View for Bookmarking (what is this?)
Look up another Usenet article

Path: ...!news.mixmin.net!eternal-september.org!feeder3.eternal-september.org!news.eternal-september.org!.POSTED!not-for-mail
From: Don Y <blockedofcourse@foo.invalid>
Newsgroups: comp.arch.embedded
Subject: Re: Unit Testing: from theory to real case
Date: Fri, 30 Aug 2024 12:33:05 -0700
Organization: A noiseless patient Spider
Lines: 149
Message-ID: <vat6pr$jvn1$1@dont-email.me>
References: <vakb55$2sp38$2@dont-email.me> <vaqnag$45ii$1@dont-email.me>
 <varv8e$ct05$1@dont-email.me> <vasdg1$fl41$1@dont-email.me>
 <vasqb6$ct06$3@dont-email.me>
MIME-Version: 1.0
Content-Type: text/plain; charset=UTF-8; format=flowed
Content-Transfer-Encoding: 8bit
Injection-Date: Fri, 30 Aug 2024 21:33:16 +0200 (CEST)
Injection-Info: dont-email.me; posting-host="abd3e25f7ccb4ae2d2d1b094a7f46280";
	logging-data="655073"; mail-complaints-to="abuse@eternal-september.org";	posting-account="U2FsdGVkX18gJiqV3uQ5dFpQEoy/kcS4"
User-Agent: Mozilla/5.0 (Windows NT 6.1; Win64; x64; rv:102.0) Gecko/20100101
 Thunderbird/102.2.2
Cancel-Lock: sha1:7kOxf6eT+u30i49T3dUU5nYXzeo=
In-Reply-To: <vasqb6$ct06$3@dont-email.me>
Content-Language: en-US
Bytes: 7733

On 8/30/2024 9:00 AM, pozz wrote:
> Il 30/08/2024 14:21, Don Y ha scritto:
>> On 8/30/2024 1:18 AM, pozz wrote:
>>> When you write, test for this, test for that, what happens if the client 
>>> uses the module in a wrong way, what happens when the system clock changes a 
>>> little or a big, and when the task missed the exact timestamp of an event?
>>>
>>> I was trying to write tests for *all* of those situations, but it seemed to 
>>> me a very, VERY, *VERY* big job.
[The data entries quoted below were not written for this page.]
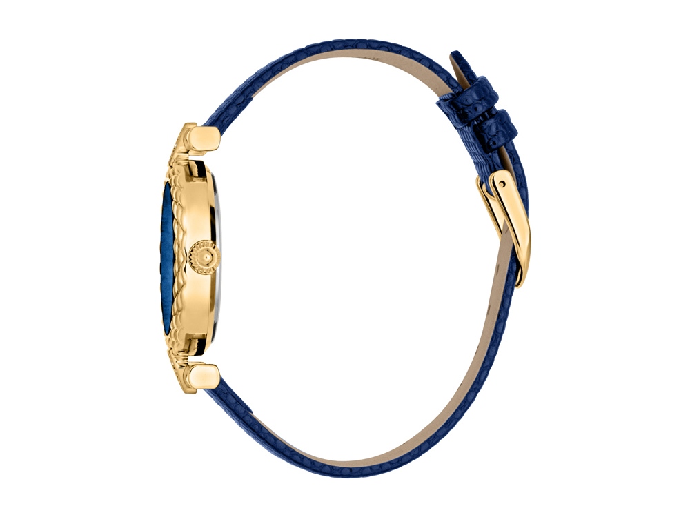 Товар представлен в следующем цвете: Корпус- желтое золото, циферблат- синий, крепление- синий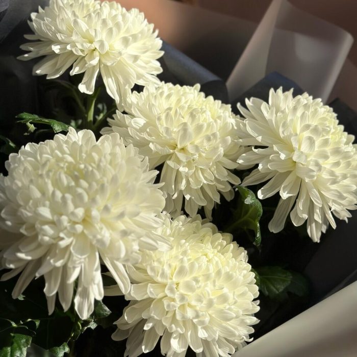Лента атласная – 2 шт.Тишью – 2 шт.Хризантема Антонов – 5 шт.Пленка матовая – 2 шт.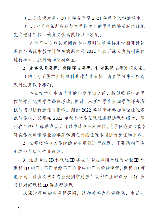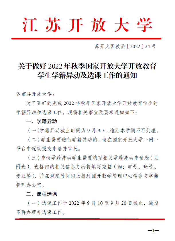 關于做好2022年秋季國家開放大學開放教育學生學籍異動及選課工作的通知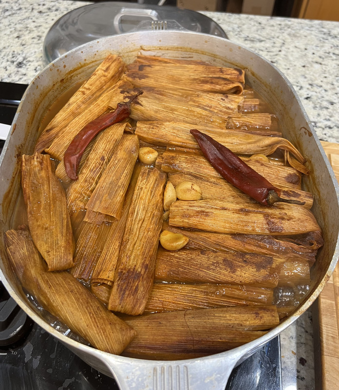 Filled a big Magnalite oval roaster - 5 layers, about 125 tamales. Simmered for a couple of hours.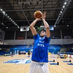 Vithinho acerta arremesso de dois pontos.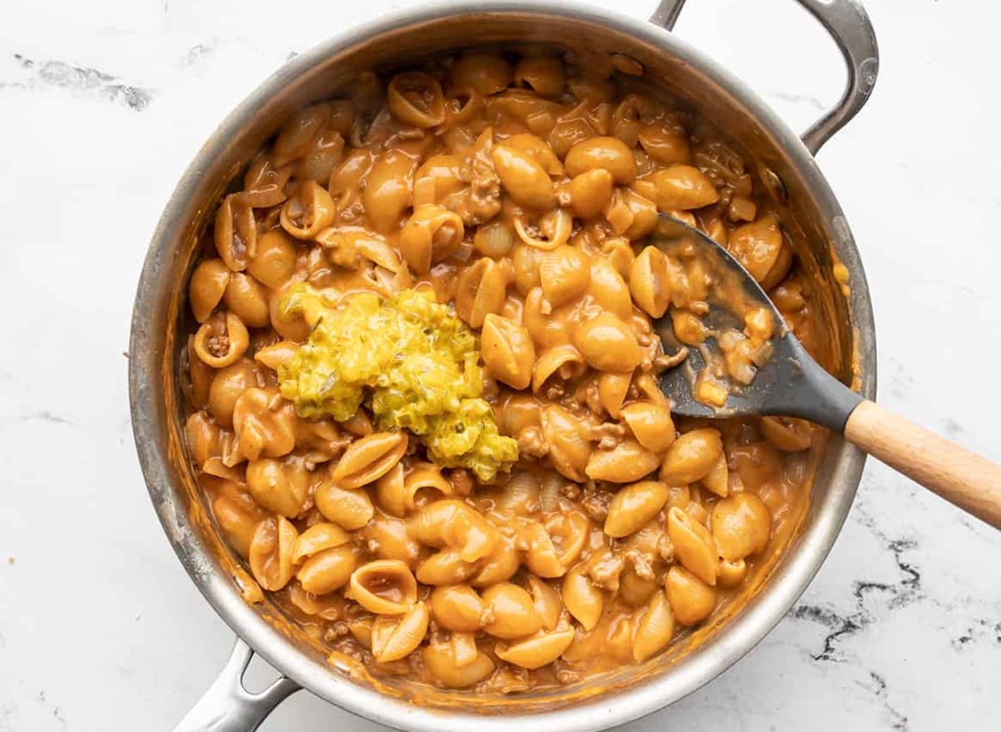 Turn off the heat. Add the cheese and stir until it melts. Mix in the relish. Put green onions on top if you want. Your one-pot cheeseburger pasta is ready to eat!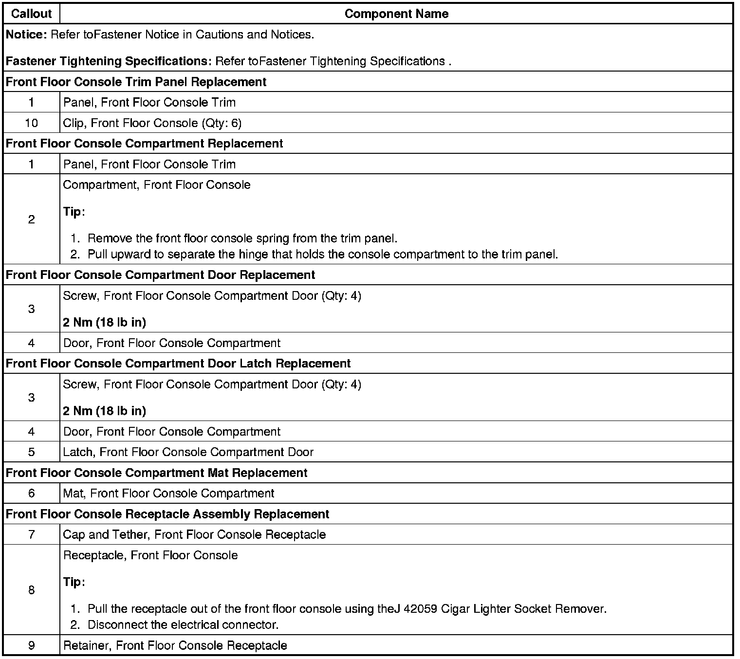 Compartment, Door, Latch, Panel, Mat Replacement - Front Floor Console (Uplevel)

The implementation of the calendar module 
>>> took me a couple of days, tests seem an infinite job.
>>
>> Because there are lots of ways your code can fail.  You have to prove
>> that it doesn't fail in ANY of those ways.
> 
> So you're confirming it's a very tedious and long job.

It is "tedious" because you consider it as "overhead" instead of an
integral part of the job.

For a painter, cleaning his brushes is "tedious".  But, failing to clean
them means they are ruined from their use!  Putting fuel into a vehicle
is "tedious" -- but, failing to do so means the vehicle stops moving.
Cashing a paycheck is tedious; "why can't they pay me in cash???"

As to length/duration, it "feels" long because it is "boring" and not
perceived as a productive aspect of the job.

I spend 40% of my time creating specifications, 20% writing the code
to meet those specifications and the remaining 40% of my time TESTING
my code to prove that it meets those specifications.

If I don't know what I am supposed to write (lack of a specification),
then how do I *know* what to write?  Do I just fumble around and hope
something gels from my efforts?  And, having written "it", how do I
know that it complies with ALL of the specifications?

I suspect you're just starting to write code on day one without
any plan/map as to where you'll be going...

>> Chances are, there is one place in your code that is aware of the fact that
>> the event is scheduled for a PAST time.  So, you only need to create one test.
>> (actually, two -- one that proves one behavior for time *almost* NOT past and
>> another for time JUST past)
> 
> I read that tests shouldn't be written for the specific implementation, but 
> should be generic enough to work well even if the implementation changes.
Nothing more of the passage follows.